● **Data section**
====

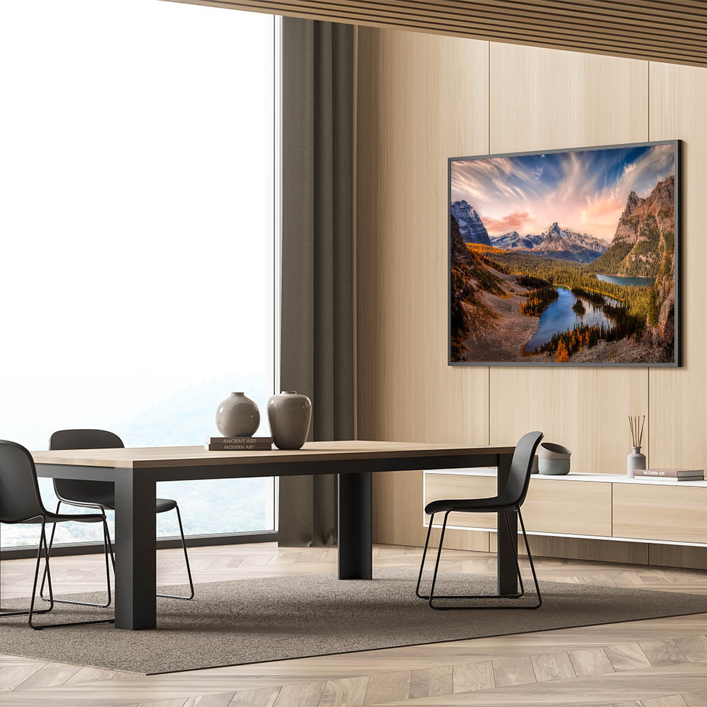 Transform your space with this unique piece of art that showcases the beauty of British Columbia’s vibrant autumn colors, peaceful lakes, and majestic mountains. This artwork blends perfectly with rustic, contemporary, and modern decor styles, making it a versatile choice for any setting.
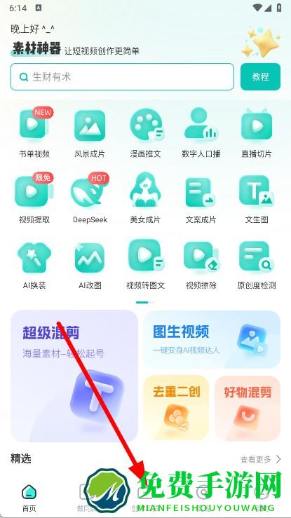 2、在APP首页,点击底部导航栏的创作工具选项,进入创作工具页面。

====

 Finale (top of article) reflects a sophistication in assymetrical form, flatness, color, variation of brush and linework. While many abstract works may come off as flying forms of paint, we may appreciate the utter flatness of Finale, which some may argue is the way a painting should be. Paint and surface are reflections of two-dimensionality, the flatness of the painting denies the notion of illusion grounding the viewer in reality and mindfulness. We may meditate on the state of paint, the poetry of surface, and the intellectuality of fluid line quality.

====

● **Task objective**
With the pictures removed, print only the lines starting at the line that has "Transform your space" and ending at the line that has "2、在APP首页,点击底部导航栏的创作工具选项,进入创作工具页面。", both ends included, exactly as they stand above.

● **Answer to this problem**
 Transform your space with this unique piece of art that showcases the beauty of British Columbia’s vibrant autumn colors, peaceful lakes, and majestic mountains. This artwork blends perfectly with rustic, contemporary, and modern decor styles, making it a versatile choice for any setting.
 2、在APP首页,点击底部导航栏的创作工具选项,进入创作工具页面。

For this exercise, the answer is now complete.